Could you write out exactly, and only, the lines from the one containing "生徒のメッセージが書かれた桜の木 | たくさん花が咲くといいな |" through the last line of the data, leaving out all pictures?

── DATA EXCERPT

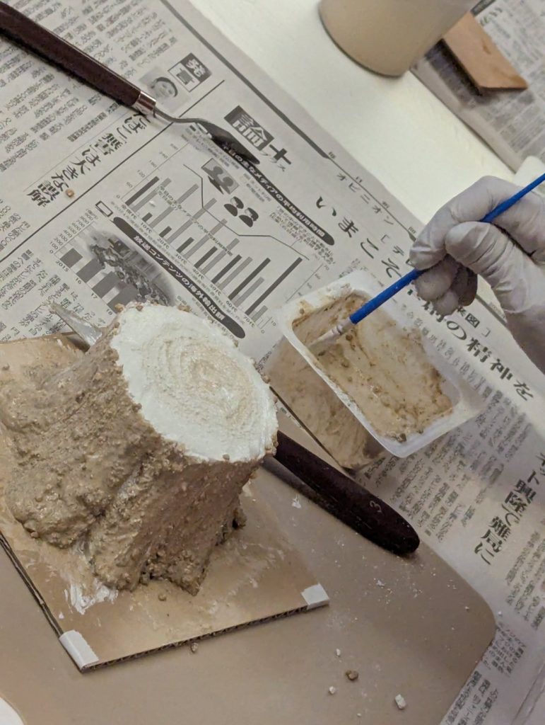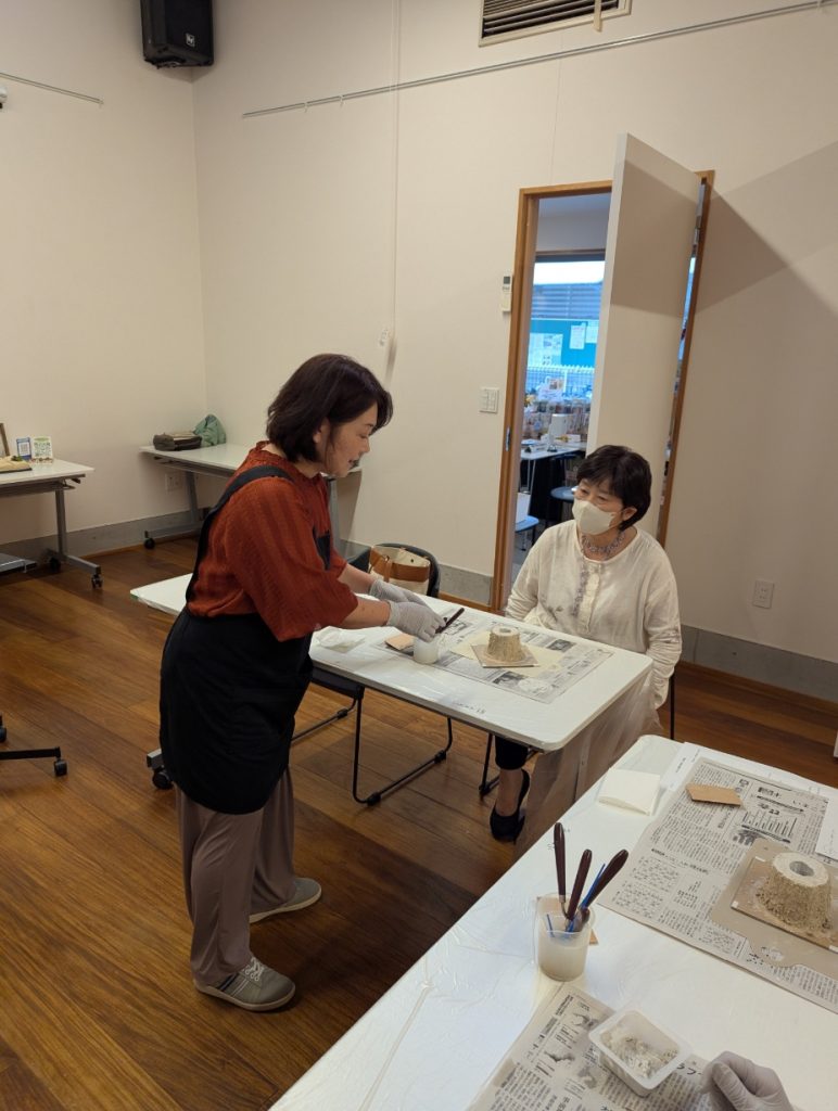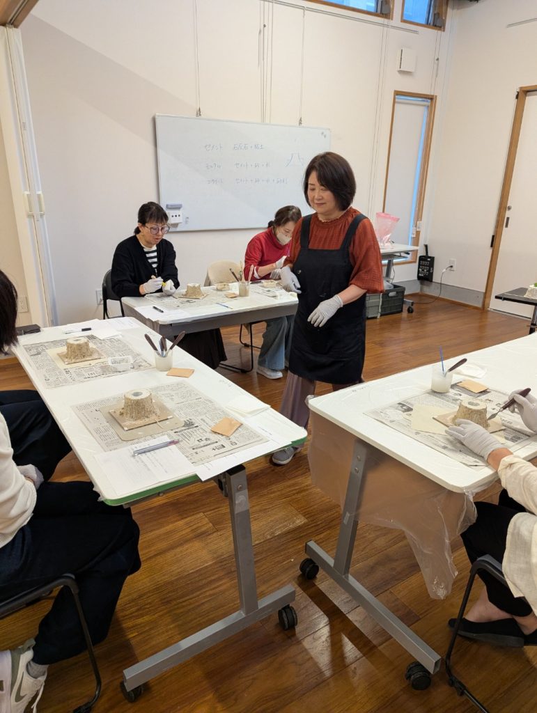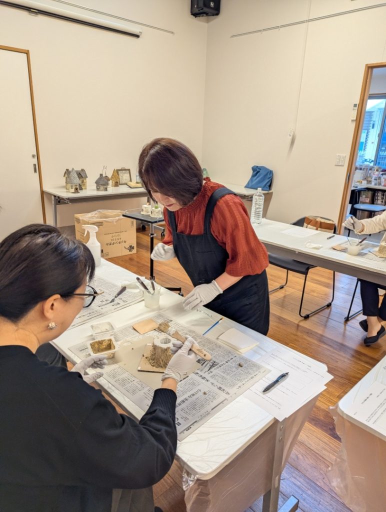 今回お申込いただいた方々、以前からモルタルデコに興味があったとおっしゃる方が多く、やり始めから皆さん、興味津々です・・・動く手も早く、先生のご指導のもとどんどん進めていきます。
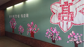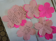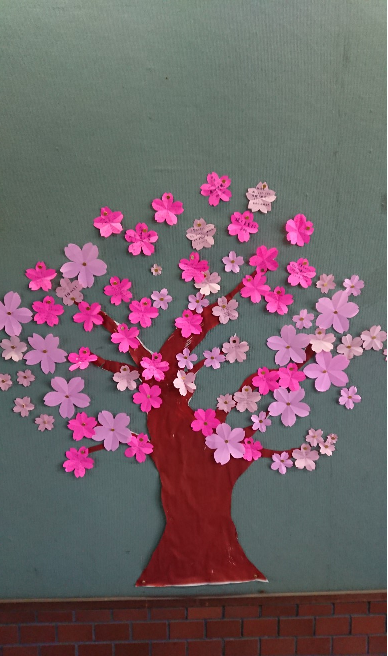 | 桜のメッセージカード | 生徒のメッセージが書かれた桜の木 | たくさん花が咲くといいな |
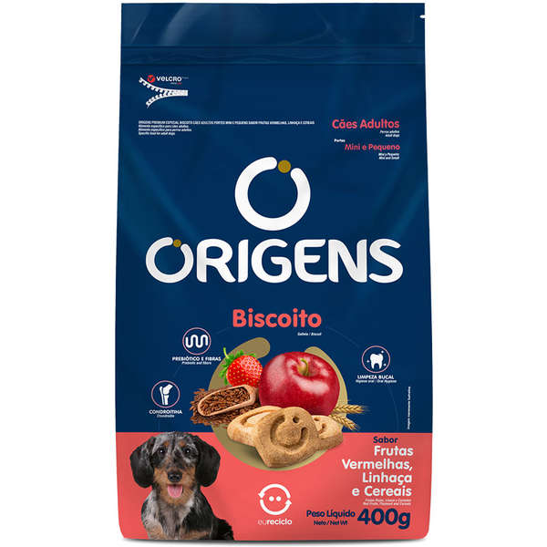 Biscoito Origens Para Cães Adultos De Porte Mini e Peq Sabor Frutas Verm, Linhaça e Cereais 400G
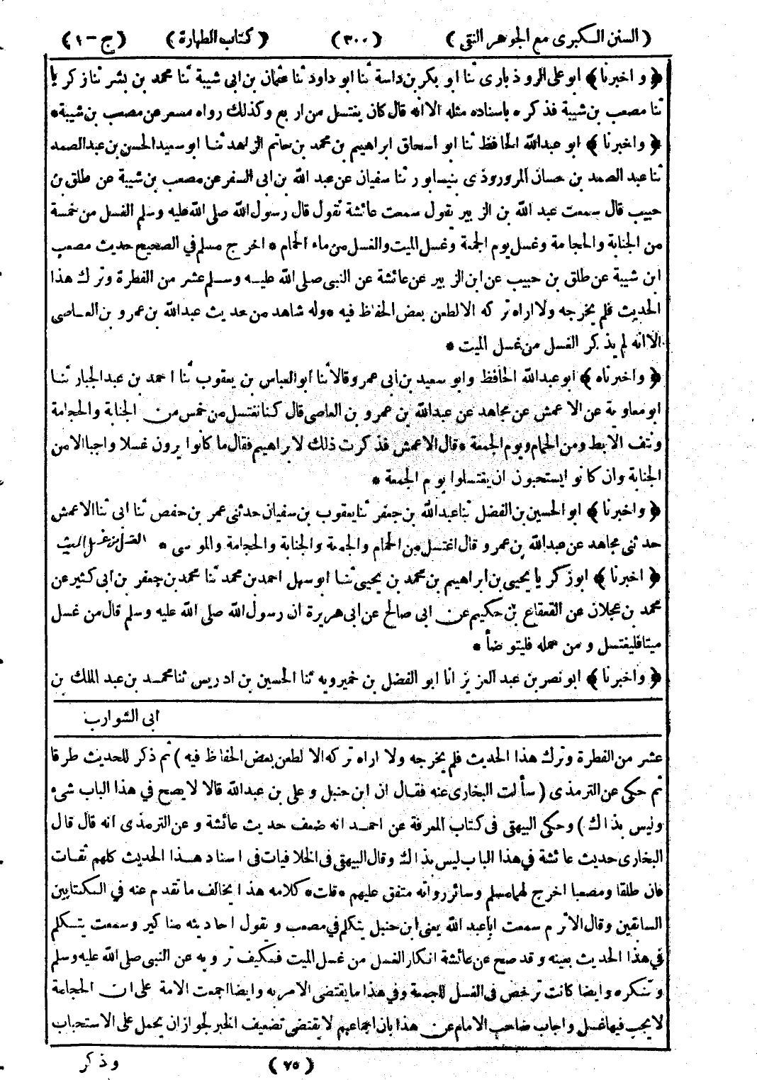 عشر من الفطرة وترك هذا الحدث فلم يخرجه ولا اراه تركه الا لطعن بعض الحفاظ فيه) ثم ذكر للحديث طرقا ثم حكى عن الترمذي (سألت البخاري عنه فقال انا بن حنبل وعلى بن عبد الله قالا لا يصح في هذا الباب شئ وليس بذاك) وحكى البيهقى في كتاب المعرفة عن احمد انه ضعف حديث عائشة وعن الترمذي انه قال قال البخاري حديث عائشة في هذا الباب ليس بذاك وقال البيهقى الخلافيات في اسناد هذا الحديث كلهم ثقات فان طلقا ومصعبا اخرج لهما مسلم وسائر رواته متفق عليهم * قلت * كلام هذا يخالف ما تقدم عنه في الكتابين السابقين وقال الاثرم سمعت ابا عبد الله يعنى ابن حنبل يتكلم في مصعب ويقول احاديثه مناكير وسمعت يتكلم في هذا الحديث بعينه وقد صح عن عائشة انكار الغسل عن غسل الميت فكيف ترويه عن النبي صلى الله عليه وسلم وتنكره وايضا كانت ترخص في الغسل للجمعة وفي هذا ما يقتضى الامر به وايضا اجمعت الامة على ان الحجامة لا يجب فيها غسل واجاب صاحب الامام عن هذا بان اجماعهم لا يقتضى تضعيف الخبر الجوازان يحمل على الاستحباب

────

* RESPONSE AREA:
 | 桜のメッセージカード | 生徒のメッセージが書かれた桜の木 | たくさん花が咲くといいな |
 Biscoito Origens Para Cães Adultos De Porte Mini e Peq Sabor Frutas Verm, Linhaça e Cereais 400G
 عشر من الفطرة وترك هذا الحدث فلم يخرجه ولا اراه تركه الا لطعن بعض الحفاظ فيه) ثم ذكر للحديث طرقا ثم حكى عن الترمذي (سألت البخاري عنه فقال انا بن حنبل وعلى بن عبد الله قالا لا يصح في هذا الباب شئ وليس بذاك) وحكى البيهقى في كتاب المعرفة عن احمد انه ضعف حديث عائشة وعن الترمذي انه قال قال البخاري حديث عائشة في هذا الباب ليس بذاك وقال البيهقى الخلافيات في اسناد هذا الحديث كلهم ثقات فان طلقا ومصعبا اخرج لهما مسلم وسائر رواته متفق عليهم * قلت * كلام هذا يخالف ما تقدم عنه في الكتابين السابقين وقال الاثرم سمعت ابا عبد الله يعنى ابن حنبل يتكلم في مصعب ويقول احاديثه مناكير وسمعت يتكلم في هذا الحديث بعينه وقد صح عن عائشة انكار الغسل عن غسل الميت فكيف ترويه عن النبي صلى الله عليه وسلم وتنكره وايضا كانت ترخص في الغسل للجمعة وفي هذا ما يقتضى الامر به وايضا اجمعت الامة على ان الحجامة لا يجب فيها غسل واجاب صاحب الامام عن هذا بان اجماعهم لا يقتضى تضعيف الخبر الجوازان يحمل على الاستحباب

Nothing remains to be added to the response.